I use a large 5.11 bag if I'm bringing a lot of guns to the range. I also have a medium sized Sig bag I use it's it's just my primary and back up.


----------



## SigZagger (Aug 16, 2006)

I like "I Shot" bags. I got mine from Mike, at MLE Shooting Sports. Here: http://mle-shootingsports.com/index.php?cPath=3&osCsid=6b110f19ce04830b1fcd46655dbb2f5a


----------



## Todd (Jul 3, 2006)

If I bring the rifle, it's the UTG bag below. Plenty of room for the AR, mags, and the pistols as well. Plus it has back pack straps for easy carry. If I'm just shooting handgun, then it's a smaller shooting duffel.


----------



## propellerhead (May 19, 2006)

I use a Sears tool bag. Same thing. Costs less.


----------



## kenn (Dec 13, 2007)

*S&W*

I got my wife (she actually asked for it - isn't that awesome) a big Smith and Wesson performance center range bag.


----------



## Arkangel (Jan 17, 2008)

I use an ambico camera bag that I got for 5 dollars at a garage sell it looks just like the one below.

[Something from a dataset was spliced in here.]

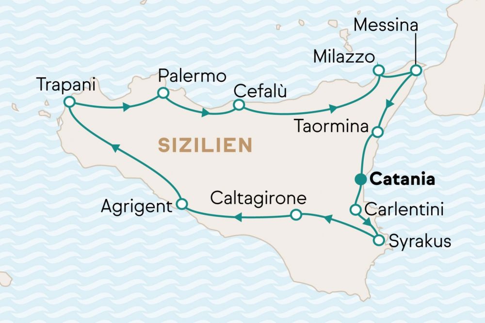 7 Übernachtungen/Frühstück: 1x Agriturismo Badiula, bei Carlentini; 1x Ferro Hotel, Modica; 1x Hotel Baglio della Luna, bei Agrigent; 2x Hotel Plaza Opera, Palermo; 2x Hotel Ariston, Taormina

Its cheap, it works, nuff said.


----------



## kcdano (Dec 13, 2007)

Depends on what you want to spend. I picked up a Allen range bag at walmart and it works great $19.00.


----------



## gmaske (Jan 7, 2008)

kcdano said:


> Depends on what you want to spend. I picked up a Allen range bag at walmart and it works great $19.00.


Times two on this. They had two diffrent types so I bought both. Can't beat the prices and the guns don't care and I'm not one who needs to impress people with my stuff neither.


----------



## tex45acp (May 26, 2006)

After using various types of bags over the years I finally picked up an i Shot range bag. Man I wish I would have don that many years ago. It has all the right storage pockets for everything I need. I have had many compliments and questions asked about the bag. I have carried 5 pistol/revolvers, 300 rounds of ammo, sand bags and clips & speed loaders at one time and thats just on the inside. Outside pockets hold ear muffs, water botle, shooting glasses, targets and 8 mags with cover doubling as a bench pad. Here is one like mine.


----------



## hberttmank (May 5, 2006)

I-shot.


----------



## Vetteman (May 12, 2007)

Just received this range bag from Midway. It's a "killer" deal for$40 bucks! I couldn't be happier. It comes with two lined pistol rugs, and has a lift out tray for you ammo. etc. Pretty nice bag, and it's lockable.
http://www.midwayusa.com/eproductpage.exe/showproduct?saleitemid=259680&t=11082005


----------